Exercise details:
Copy the entries below exactly; any picture among them should be left out.

Data listing:

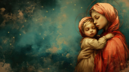 Tender Moments: Mother and Child Embrace in Ethereal Art with Starry Night Background
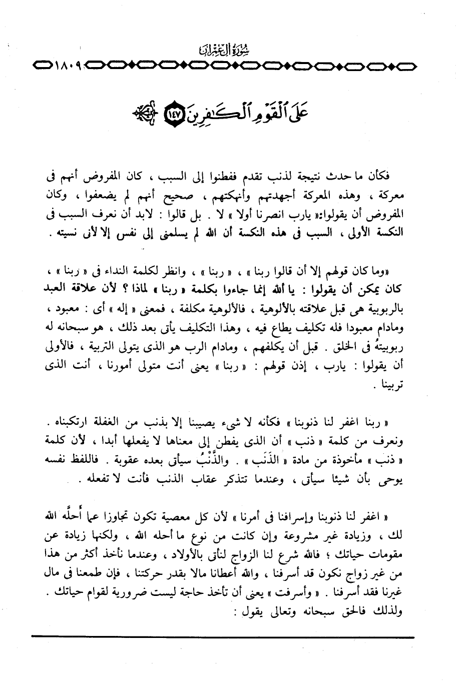 {ربَّنَا اغفر لَنَا ذُنُوبَنَا} فكأنه لا شيء يصيبنا إلا بذنب من الغفلة ارتكبناه. ونعرف من كلمة «ذنب» أن الذي يفطن إلى معناه لا يفعلها أبدا، لأن كلمة «ذنب» مأخوذة من مادة «الذَنَب» . والذَّنْبُ سيأتي بعده عقوبة. فاللفظ نفسه يوحي بأن شيئا سيأتي، وعندما تتذكر عقاب الذنب فأنت لا تفعله.
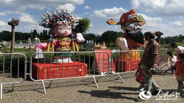 中國彩燈吸引了游園者的目光。記者任彥攝 人民網(wǎng)布魯塞爾6月5日電 (記者 任彥)不遠(yuǎn)處是埃菲爾鐵塔和大本鐘微縮景觀,眼前是京劇臉譜、青花瓷……
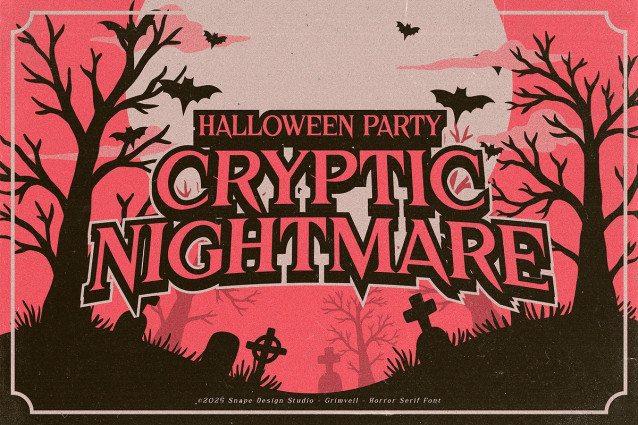 Grimveil Font is a gothic-inspired serif font that captures the essence of horror, mystery, and dark elegance. With sharp, haunting letterforms and dramatic details, Grimveil is perfect for horror movie posters, book covers, music artworks, Halloween events, and any design that seeks to evoke an eerie and chilling atmosphere.
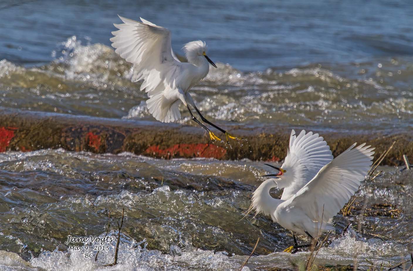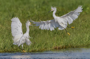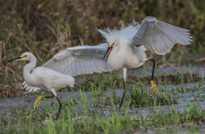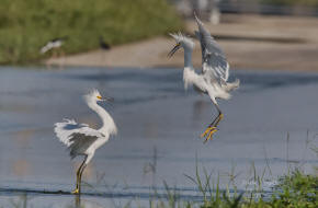 Snowy Egrets squabbling over fishing territory |
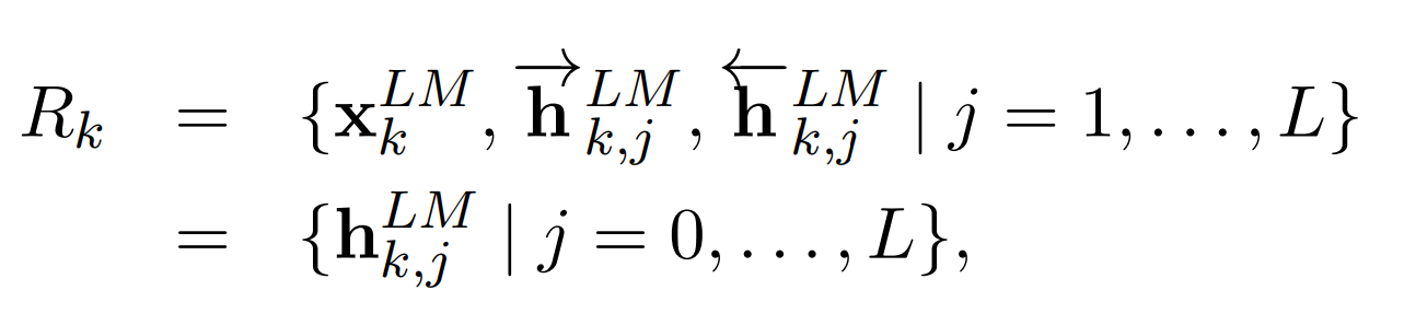에 대해, L층으로 구성된 biLM은 다음과 같은 2L + 1개의 representation이 계산됨

Response area:
 Tender Moments: Mother and Child Embrace in Ethereal Art with Starry Night Background
 {ربَّنَا اغفر لَنَا ذُنُوبَنَا} فكأنه لا شيء يصيبنا إلا بذنب من الغفلة ارتكبناه. ونعرف من كلمة «ذنب» أن الذي يفطن إلى معناه لا يفعلها أبدا، لأن كلمة «ذنب» مأخوذة من مادة «الذَنَب» . والذَّنْبُ سيأتي بعده عقوبة. فاللفظ نفسه يوحي بأن شيئا سيأتي، وعندما تتذكر عقاب الذنب فأنت لا تفعله.
 中國彩燈吸引了游園者的目光。記者任彥攝 人民網(wǎng)布魯塞爾6月5日電 (記者 任彥)不遠(yuǎn)處是埃菲爾鐵塔和大本鐘微縮景觀,眼前是京劇臉譜、青花瓷……
 Grimveil Font is a gothic-inspired serif font that captures the essence of horror, mystery, and dark elegance. With sharp, haunting letterforms and dramatic details, Grimveil is perfect for horror movie posters, book covers, music artworks, Halloween events, and any design that seeks to evoke an eerie and chilling atmosphere.
 Snowy Egrets squabbling over fishing territory |
에 대해, L층으로 구성된 biLM은 다음과 같은 2L + 1개의 representation이 계산됨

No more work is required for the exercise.